Firefox's source code is open source, tri-licensed under the Mozilla Public License (MPL), GNU General Public License (GPL), and the GNU Lesser General Public License (LGPL). These licenses permit anyone to view, modify and/or redistribute the source code, and several publicly-released applications have been built on it; for example, Netscape, Flock and Songbird make use of code from Firefox.

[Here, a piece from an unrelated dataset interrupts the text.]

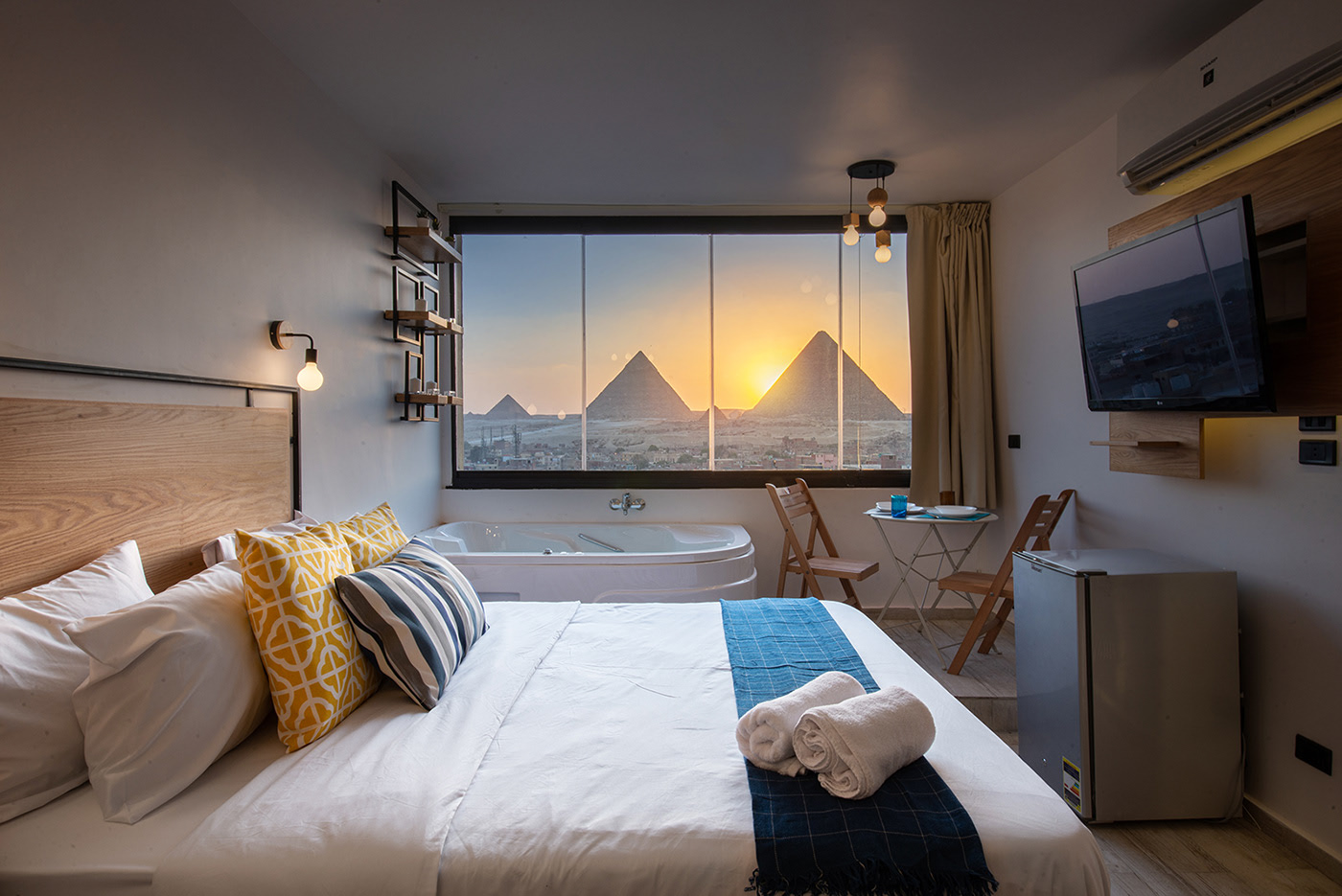 Seriously, just look at these photos! This 1-bedroom apartment is located just a 5-minute walk from the Pyramids entrance gate, and it offers a stunning view of all the Giza Pyramids from anywhere within this contemporary oriental studio or while relaxing in the Jacuzzi available. Yes, you can gaze out at this amazing wonder of the world from your private Jaccuzi!

The official end-user builds of Firefox distributed from mozilla.com are licensed under the Mozilla EULA. Several elements do not fall under the scope of the tri-license and have their use restricted by the EULA, including the trademarked Firefox name and artwork, and the proprietary Talkback crash reporter. Because of this and the clickwrap agreement included in the Windows version, the Free Software Foundation (FSF) consider these builds proprietary software.
In the past, Firefox was licensed solely under the MPL, which the FSF criticizes for being weak copyleft; the license permits, in limited ways, proprietary derivative works. Additionally, code under the MPL cannot legally be linked with code under the GPL or the LGPL. To address these concerns, Mozilla re-licensed Firefox under the tri-license scheme of MPL, GPL, and LGPL. Since the re-licensing, developers have been free to choose the license under which they will receive the code, to suit their intended use: GPL or LGPL linking and derivative works when one of those licenses is chosen, or MPL use (including the possibility of proprietary derivative works) if they choose the MPL.